Testy klonogenne są szeroko stosowane w dziedzinie badań nad rakiem, ponieważ tworzenie klonów jest interpretowane jako cecha komórek nowotworowych o zdolnościach inicjowania nowotworów. Chociaż to badanie było początkowo stosowane w dziedzinie radiobiologii, stało się standardowym narzędziem w badaniach nad rakiem do oceny wzrostu komórkowego oraz cytotoksycznych lub genotoksycznych skutków różnych czynników o potencjalnym zastosowaniu klinicznym. Obejmuje to środki chemioterapeutyczne oraz terapie celowane na własną rękę lub w połączeniu 3.

Klonogeniczny wzrost jest również wykorzystywany do oceny macierzystości poszczególnych populacji komórek, ponieważ komórki macierzyste są komórkami długo żyjącymi z potencjałem do ciągłej proliferacji. Jest to szczególnie istotne w badaniach nad nowotworami, ponieważ nowotworowe komórki macierzyste są często związane z chemioopornością, powstawaniem wtórnych guzów i nawrotami nowotworów. Dlatego też, badanie macierzystości nowotworu przy użyciu analizy klonogennej jest cennym i szeroko stosowanym narzędziem do przewidywania skuteczności określonej terapii.4

Atesty klonogenne mierzą zdolność komórek do zachowania ich integralności reprodukcyjnej przez dłuższy okres czasu. Jest to ważna cecha, ponieważ ujawnia efekty fenotypowe, które wymagają czasu i prawdopodobnie kilku podziałów komórkowych, aby się rozwinąć. Przy analizie oporności terapeutycznej jest to szczególnie ważne. Oporność na leki nie może być zidentyfikowana przy użyciu krótkoterminowych oznaczeń cytotoksyczności.5

Jak wykonać badanie klonogeniczne

Informacje w tej sekcji zostały zaadaptowane z Franken et al. (2006), którzy opublikowali protokół badania klonogenicznego w Nature Protocols1, w połączeniu z kilkoma spostrzeżeniami z mojego własnego doświadczenia zdobytego podczas wykonywania ponad 60 badań klonogenicznych w trakcie mojego doktoratu.

Podstawowo, istnieją dwa różne sposoby wykonania badania klonogenicznego:

(1) Komórki mogą być wysiewane przy niskich gęstościach, a następnie traktowane w celu zbadania wpływu traktowania na klonogenność komórek.
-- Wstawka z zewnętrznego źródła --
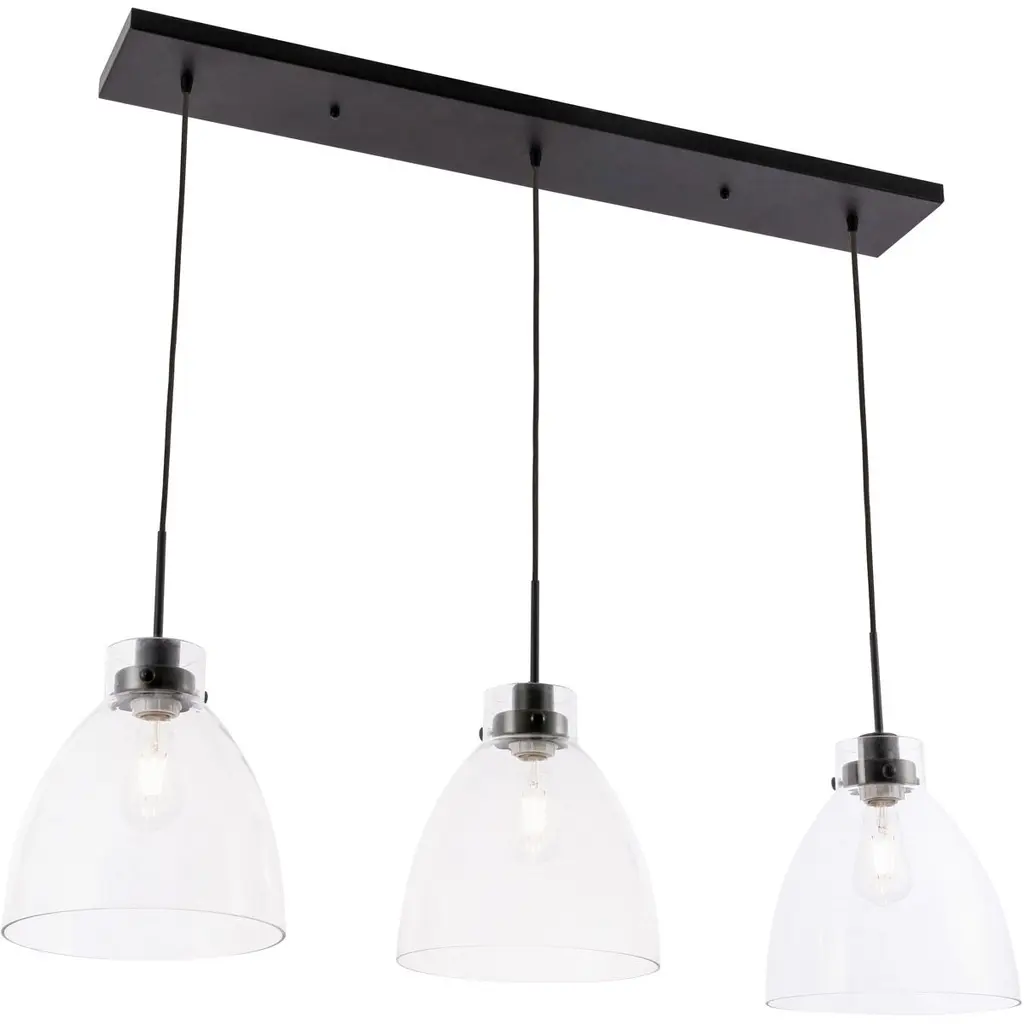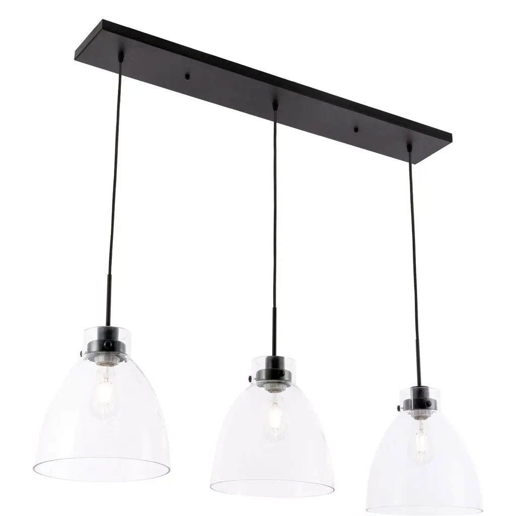 The Genesee Collection pendant lamp is contemporary and the perfect lighting fixture in any home. Its urban-style design will create a contemporary aesthetic and the light can illuminate any room in your home, whether its your dining room, living room, or entry way. The three lights hang suspended from a canopy, ensuring that no corner will be left in shadow. Available in a black finish with a round hemispherical shade, brighten your home with light and contemporary style (light bulbs not included).
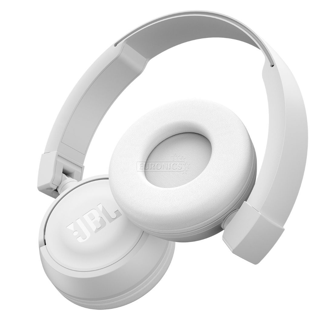 Introducing JBL T450BT on-ear wireless headphones. They’re flat-folding, lightweight, comfortable and compact. Under the hood, a pair of 32mm drivers punch out some serious bass, reproducing the powerful JBL Pure Bass sound you’ve experienced in much bigger venues. Music and call controls/microphone are placed on the earcup. And because your music should go where you go, you’ll get up to 11 hours of uninterrupted audio playback on a single charge.

(2) Komórki mogą być poddawane działaniu substancji przez określony czas, a następnie ponownie wysiewane przy niskich gęstościach w pożywkach nieobjętych działaniem substancji w celu zbadania zdolności klonogennych.

Tradycyjny protokół dla testów klonogenicznych

Ryc. 1 | A summary of a traditional clonogenic protocol where cells are seeded, treated and then clonogenicity assessed.

Clonogenic assays are typically performed in 6-well or 24-well plates. Komórki muszą być rozproszone i równomiernie rozmieszczone, aby mogły powstawać izolowane kolonie. Dlatego ważne jest, aby zoptymalizować gęstość wysiewu dla wybranego rozmiaru studzienki przed wykonaniem testu klonogennego.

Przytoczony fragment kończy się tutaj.